Meditation and Its Benefits Read Must

CONCENTRATION MEDITATION

Concentration meditation involves focusing on a single point. This could entail following the breath, repeating a single word or mantra, staring at a candle flame, listening to a repetitive gong, or counting beads on a mala. Since focusing the mind is challenging, a beginner might meditate for only a few minutes and then work up to longer durations.
In this form of meditation, you simply refocus your awareness on the chosen object of attention each time you notice your mind wandering. Rather than pursuing random thoughts, you simply let them go. Through this process, your ability to concentrate improves.

MINDFULNESS MEDITATION

Mindfulness meditation encourages the practitioner to observe wandering thoughts as they drift through the mind. The intention is not to get involved with the thoughts or to judge them, but simply to be aware of each mental note as it arises.
Through mindfulness meditation, you can see how your thoughts and feelings tend to move in particular patterns. Over time, you can become more aware of the human tendency to quickly judge an experience as good or bad, pleasant or unpleasant. With practice, an inner balance develops.
In some schools of meditation, students practice a combination of concentration and mindfulness. Many disciplines call for stillness — to a greater or lesser degree, depending on the teacher.

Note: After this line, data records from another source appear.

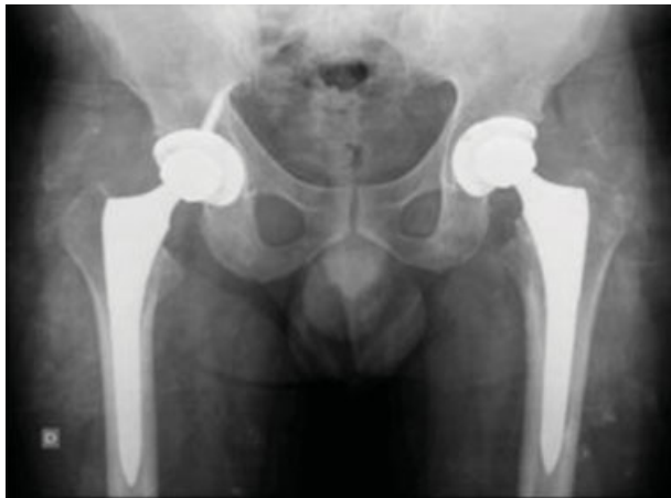
Fig. 4 Radiografia anteroposterior da bacia pós-operatória.

aumentado de fraturas. 4,5 Homens de meia-idade com epilepsia mal controlada são os pacientes mais sujeitos às fraturas pós-convulsão, devido à musculatura mais desenvolvida. 5 No caso apresentado, acredita-se que a causa da fratura tenha sido multifatorial, tanto pela osteopatia secundária à fenitoína como pelas contraturas tônico-clônicas, não foi a convulsão a causa, mas sim o evento desencadeante das fraturas.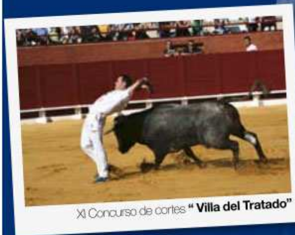
XI Concurso de cortes "Villa del Tratado"

11:00 MISA Solemne y Procesión en honor de Ntra. Sra. la Virgen de la Guía en la Iglesia de Santa María, acompañada con la Banda de Música de Tordesillas. Seguidamente, se pronunciará desde el balcón del Ayuntamiento el pregón de las Fiestas.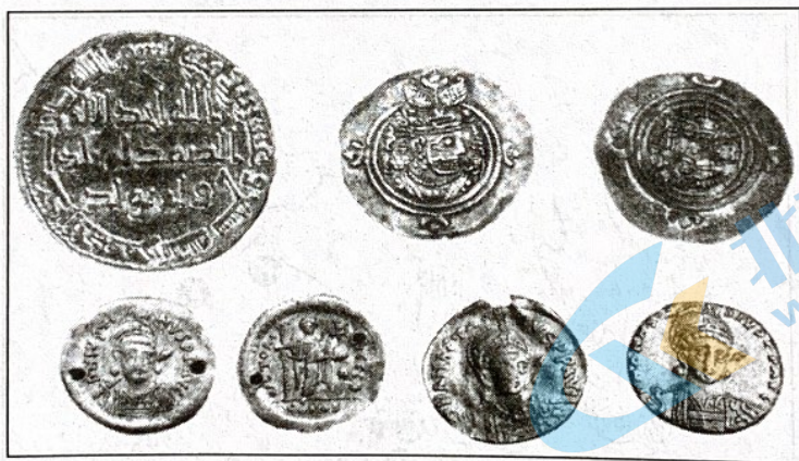
图 2 唐代墓葬出土的波斯、阿拉伯、东罗马金银币图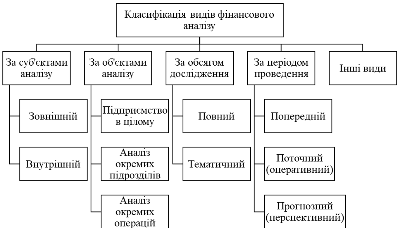
Рис. 1.2 Класифікація видів фінансового аналізу

Результати вивчення літературних джерел та власне бачення дають можливість сформуванню комплексної класифікації видів фінансового аналізу за сукупністю певних ознак, поданих на рис. 1.2.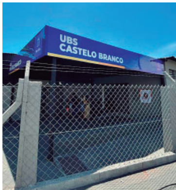
Reforma da unidade foi inaugurada

vestimentos novos, pintura completa, internet modernizada e reforço estrutural com 125 estacas, além de outras adequações.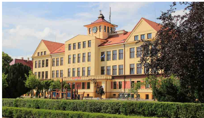
Mšenská škola se před lety dočkala rekonstrukce.

Základní kámen nové školy byl za zpěvu státní hymny položen v úterý 19. října 1926. A už za necelé dva roky - 2. září 1928 se žáci, učitelé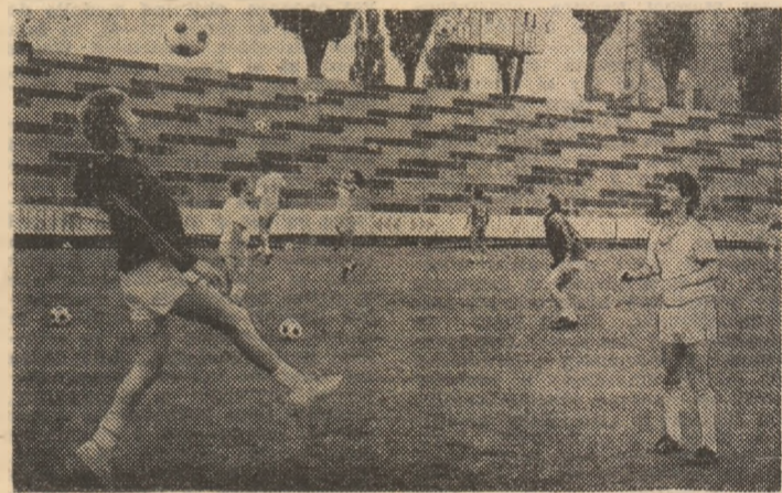
Secvență dintr-un antrenament al fotbalistilor constănțeni

Constantin. La acest capitol nu avem vreo nemulțumire. Important este să realizăm completarea lotului cu câteva elemente de valoare, alături de cele de perspectivă, pe care le-am remarcat în formații din categorii inferioare. Fotbalul de astăzi cere jucători compleți în linia de mijloc, definită ca vitală în funcționarea unei echipe. Pentru că aici evoluează interii de ieri, jucătorii care au și res-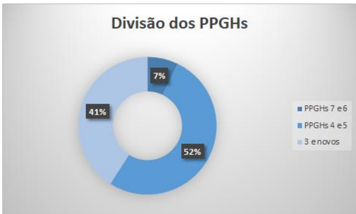
Gráfico 3: Divisão dos PPGH

Esses gráficos evidenciam uma concentração dos PPGH nos estratos inferiores (NOTAS 3 e 4) e um percentual muito baixo de programas de excelência (NOTAS 6 e 7). Ao nosso ver essa pirâmide de distribuição dos PPGH nos estratos é a principal assimetria da Área de História no momento.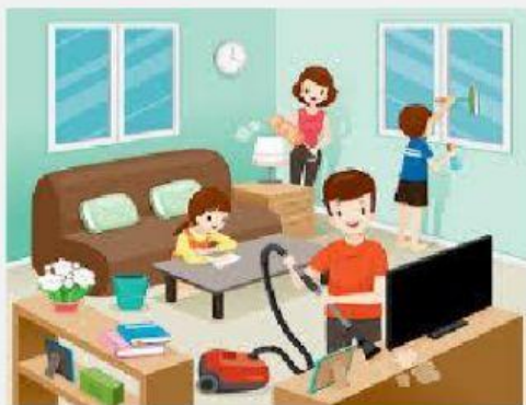
Gambar 1 Membantu Orangtua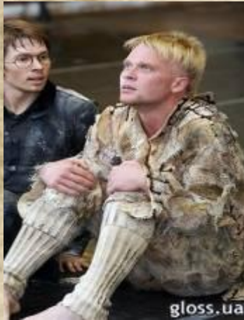
Сцены из балета «Палата №6»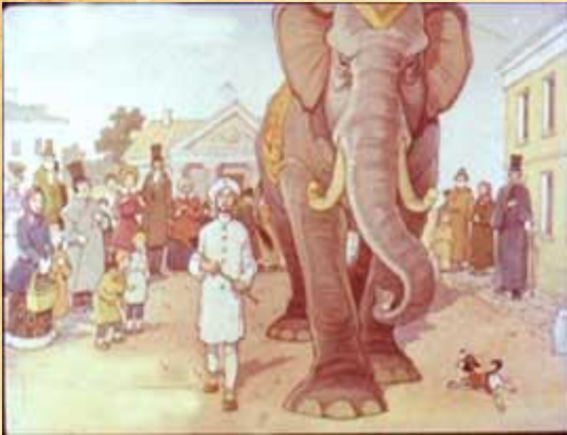
«Слон и Моська»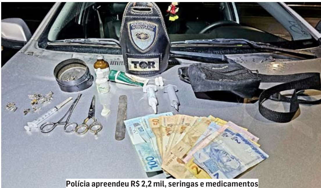
Polícia apreendeu R$ 2,2 mil, seringas e medicamentos

Cézar Oliveira • PAULÍNIA tribunaliberal@tribunaliberal.com.br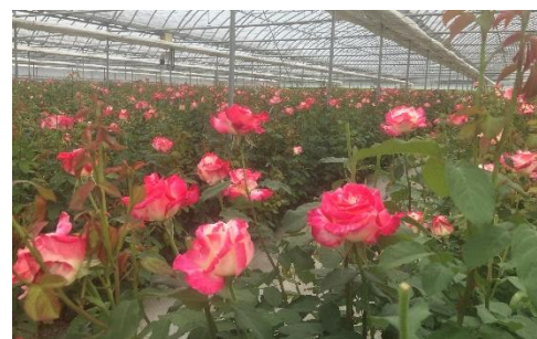
ナリス ローズガーデンのダブルデライト 5月撮影

今回の「ダブルデライト」の花弁発酵物の開発により、バラ花弁の抽出物の効果を維持したバラ花弁抽出物の乳酸菌発酵物の高配合が可能となり、従来の効果よりも高い効果を発揮できると考えます。また、肌への安全性が高まったことで敏感肌の人や乳幼児でもバラ花弁の抽出物の効果を維持したバラ花弁抽出物の乳酸菌発酵物を配合した製剤の使用を可能にすると考えます。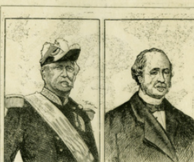
Fig. 11. — Le maréchal de Mac Mahon. — Le duc de Broglie.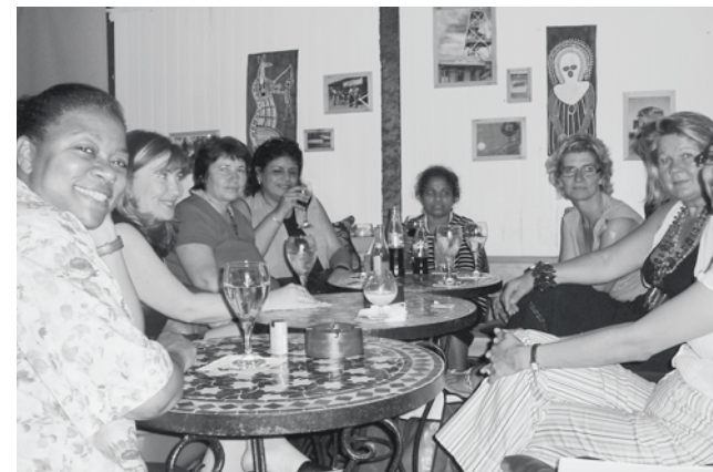
Genuss in der Bar: Selbstreflexion ist anspruchsvoll.

Lockere Sprüche zur Thematik Sucht wie: «Jetzt muss ich wieder meiner Sucht frönen», beim Griff zu Pausenkaffee oder -Zigarette hatten wir von keiner Moderatorin im Projekt FemmesTische je zu hören bekommen. Ist diese Thematik, trotz grossem Vertrauen in der Gruppe tabu? Zwei Moderatorinnentreffen 2006 nahmen sich explizit diesem Thema an. Die Frauen brachten ein Bild oder einen Gegenstand mit, bei dem ihnen massvoller Umgang schwer fällt. Mit Freundinnen telefonieren, Schönheitspflege, Kleider kaufen, Rauchen, Süssigkeiten, Fitness und Telenovelas wurden erwähnt. Die Moderatorinnen tauschten sich in Gruppen aus und beschrieben sich gegenseitig Situationen, in denen sie die Kontrolle verlieren. Sie berichteten über positive und negative Gefühle und schätzten ihr eigenes Risikopotential ein. Als Hausaufgabe nahmen sich alle vor, ein Verhalten zu stärken oder zu ändern. Die Hindernisse, die ihnen dabei begegneten, sollten sie genau beobachten. Der spätere Erfahrungsaustausch zeigte deutliche Änderungen und Überraschungen: Zwei Frauen hatten wahrnehmbar an Gewicht verloren. Eine von ihnen berichtete von tiefgehenden Veränderungen in ihrem Leben. Sie hätte sich mehr zurückgezogen, mehr mit sich selber beschäftigt.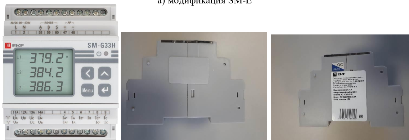
б) модификация SM-G33H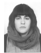
ΤΡΙΑΝΤΑΦΥΛΛΟΥ ΒΑΣΙΛΙΚΗ ΕΞΩΤ. ΑΡΧΙΤΕΚΤΟΝΙΚΗΣ, ΔΙΑΚΟΣΜΗΣΗΣ & ΣΧΕΔ. ΑΝΤΙΚ. ΤΕΙ ΣΕΡΡΩΝ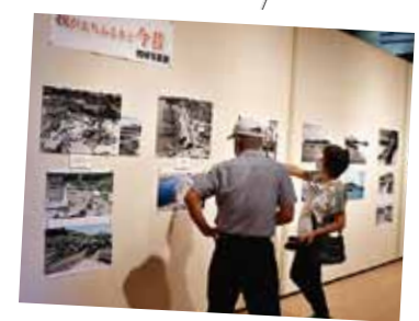
我がまちふるさと 枕崎写真展

■ 8月8日から20日までの期間、南浜館で「戦後復興75年のあゆみ～我がまちふるさと枕崎写真展」が開催されました。会場には、昔懐かしい枕崎の写真が数多く展示されました。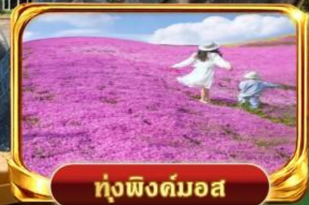
ทุ่งฟิงคิมอส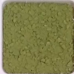
29 B ■10-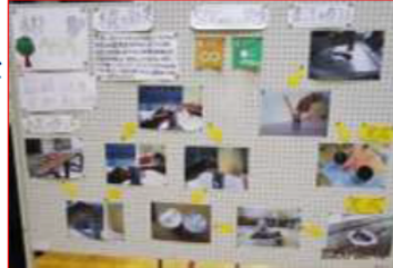
【6年〈再発見！私たちの上秋津〉 「木材再利用」班】

総合的な学習や生活科を中心に農業体験学習などの様々な活動を通してSDGsのつながりに気づき、自分たちができることを考え行動につなげる。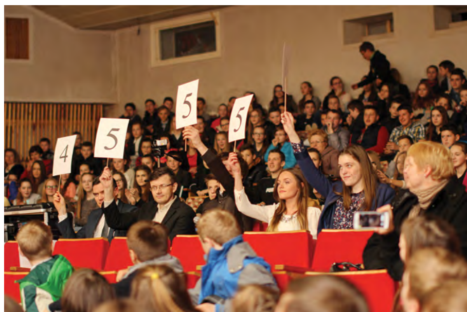
Rok 2015. Podczas konkursu talentów w ramach Dnia Ucznia

Uczniowie wraz z nauczycielami uczestniczą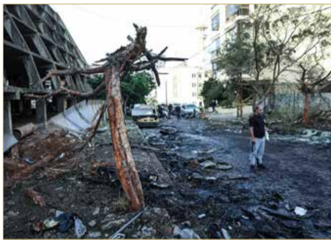
رجل يقف في موقع غارة إسرائيلية في بيروت

واستهدفت المقاتلات الإسرائيلية منزلاً في المنطقة بين بلدي كفرا وصرين قرب مركز للهيئة الصحية الإسلامية مما أدى إلى اشتعال سيارة إسعاف كانت بجانب المنزل دون وقوع إصابات، واستهدفت غارة بلدة برعشيت الجنوبية، كما استهدفت غارة مماثلة بلدة صريفا، وقامت طائرات مروحية إسرائيلية من نوع أباتشي بتمشيط ساحل بلدة البيضاء بالأسلحة الرشاشة وأطلقت صواريخ باتجاه المنطقة، حسب ما أعلنت "الوكالة الوطنية للإعلام" اللبنانية الرسمية. (اقرأ الموضوع كاملاً بالموقع الإلكتروني)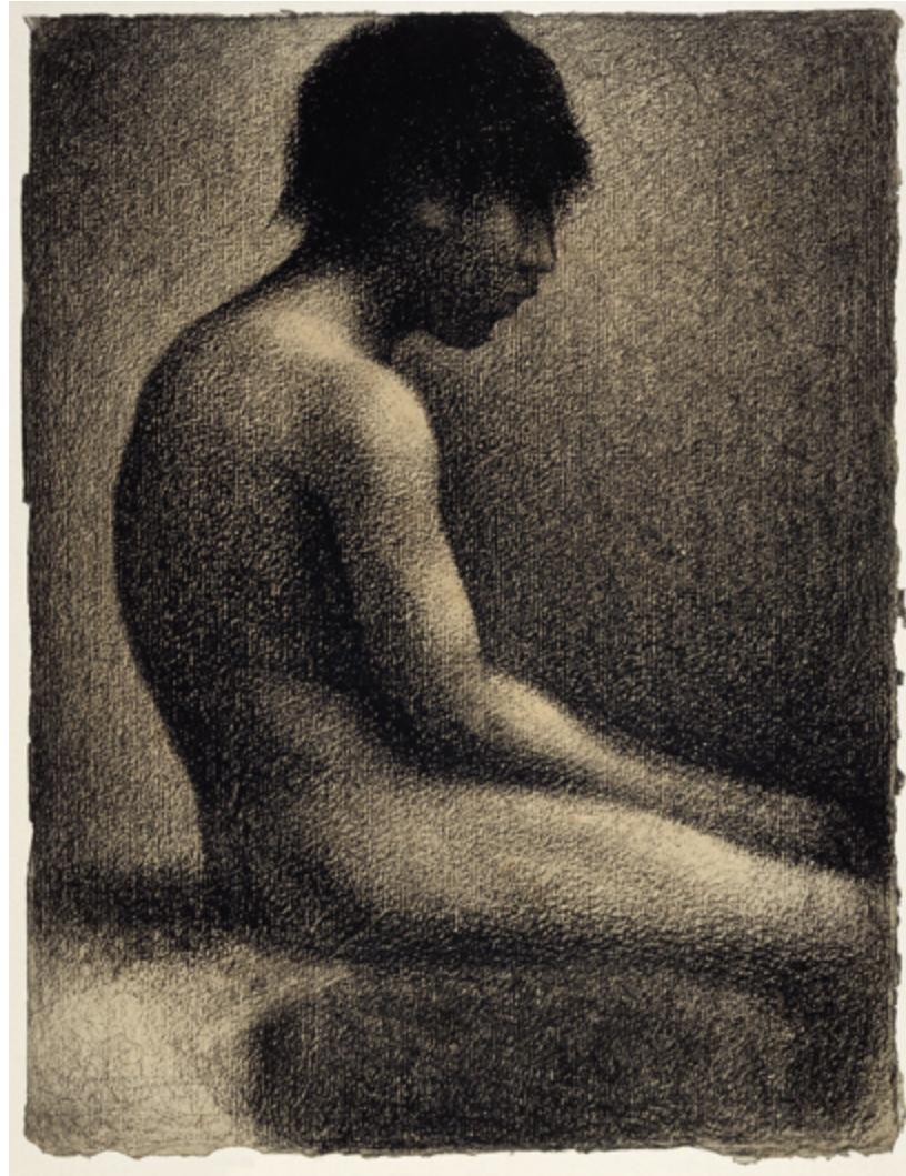
© M. assist. Etude pour « La Baignade », Georges Serrat – © Photo : National Galleries of Scotland, Dist. RMN-Grand Palais / Scottish National Gallery Photographic Department

► La médecine sexuelle est une offre de soins pertinente dans la prise en charge thérapeutique des violences sexuelles. Elle est désormais un maillon indispensable de la prévention secondaire et tertiaire de ces violences. Elle ouvre des dialogues avec les patients, libère leurs paroles sur la sexualité ou sur son développement dans ces contextes de violence. En créant un nouvel espace de soins individuels, ses objectifs sont le diagnostic, l'investigation et la prise en charge thérapeutique de troubles sexuels en complément des autres soins, psychiques et somatiques. L'apaisement favorisé par cette alliance thérapeutique vient faciliter le travail des autres personnels de santé et des autres champs souvent impliqués (social, justice, éducation).

OTHER MEDITATION TECHNIQUES

There are various other meditation techniques. For example, a daily meditation practice among Buddhist monks focuses directly on the cultivation of compassion. This involves envisioning negative events and recasting them in a positive light by transforming them through compassion. There are also moving meditation techniques, such as tai chi, qigong, and walking meditation.

BENEFITS OF MEDITATION

If relaxation is not the goal of meditation, it is often a result. In the 1970s, Herbert Benson, MD, a researcher at Harvard University Medical School, coined the term “relaxation response" after conducting research on people who practiced transcendental meditation. The relaxation response, in Benson’s words, is “an opposite, involuntary response that causes a reduction in the activity of the sympathetic nervous system.”